Des délits et des peines (trad. Collin de Plancy)/Des délits et des peines/Chapitre XXX

Traduction par Jacques Collin de Plancy.
Brière (p. 200-201).

CHAPITRE XXX.

DU VOL.


Un vol commis sans violence ne devrait être puni que d’une peine pécuniaire. Il est juste que celui qui dérobe le bien d’autrui soit dépouillé du sien.

Mais si le vol est ordinairement le crime de la misère et du désespoir, si ce délit n’est commis que par cette classe d’hommes infortunés, à qui le droit de propriété (droit terrible, et qui n’est peut-être pas nécessaire) n’a laissé pour tout bien que l’existence, les peines pécuniaires ne contribueront qu’à multiplier les vols, en augmentant le nombre des indigens, en ravissant à une famille innocente le pain qu’elles donneront à un riche peut-être criminel.

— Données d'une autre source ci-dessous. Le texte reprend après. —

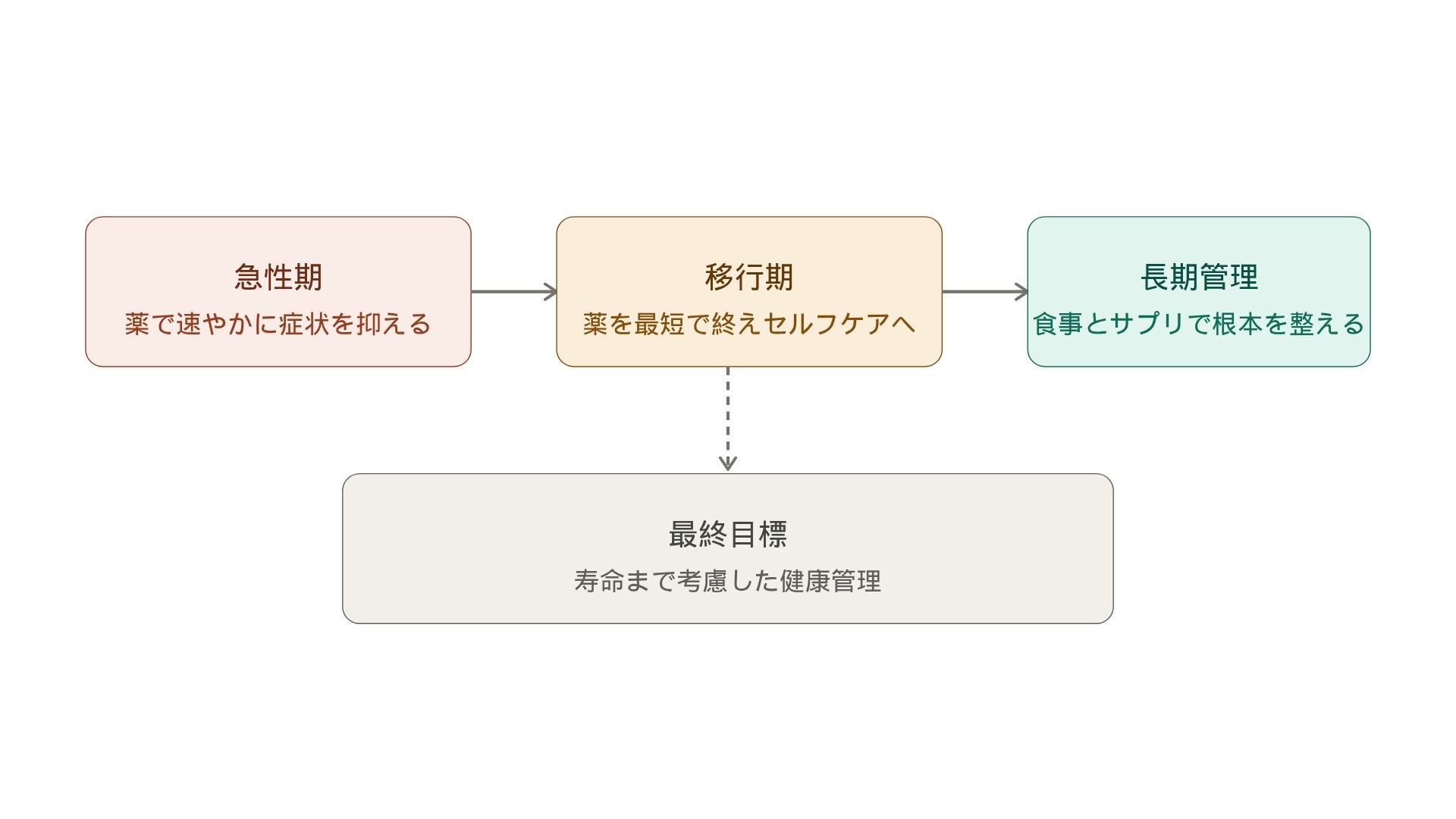 急性期・症状が強い時期は、薬で速やかに症状を抑える。落ち着いてきたら、薬を最短で終えてセルフケアへ移行する。もちろん同時でも良い。いずれにしても長期管理は食事とサプリで根本を整える。

La peine la plus naturelle du vol sera donc cette sorte d’esclavage, qui est la seule qu’on puisse appeler juste, c’est-à-dire, l’esclavage temporaire, qui rend la société maîtresse absolue de la personne et du travail du coupable, pour lui faire expier, par cette dépendance, le dommage qu’il a causé, et la violation du pacte social.

Mais si le vol est accompagné de violence, il est juste d’ajouter à la servitude les peines corporelles.

D’autres écrivains ont montré avant moi les inconvéniens graves qui résultent de l’usage d’appliquer les mêmes peines contre les vols commis avec violence, et contre ceux où le voleur n’a employé que l’adresse. On a fait voir combien il est absurde de mettre dans la même balance une certaine somme d’argent avec la vie d’un homme. Le vol avec violence et le vol d’adresse sont des délits absolument différens ; et la saine politique doit admettre, encore plus que les mathématiques, cet axiome certain, qu’entre deux objets hétérogènes il y a une distance infinie.

Ces choses ont été dites ; mais il est toujours utile de répéter des vérités qui n’ont presque jamais été mises en pratique. Les corps politiques conservent long-temps le mouvement qu’on leur a une fois donné ; mais il est lent et difficile de leur en imprimer un nouveau.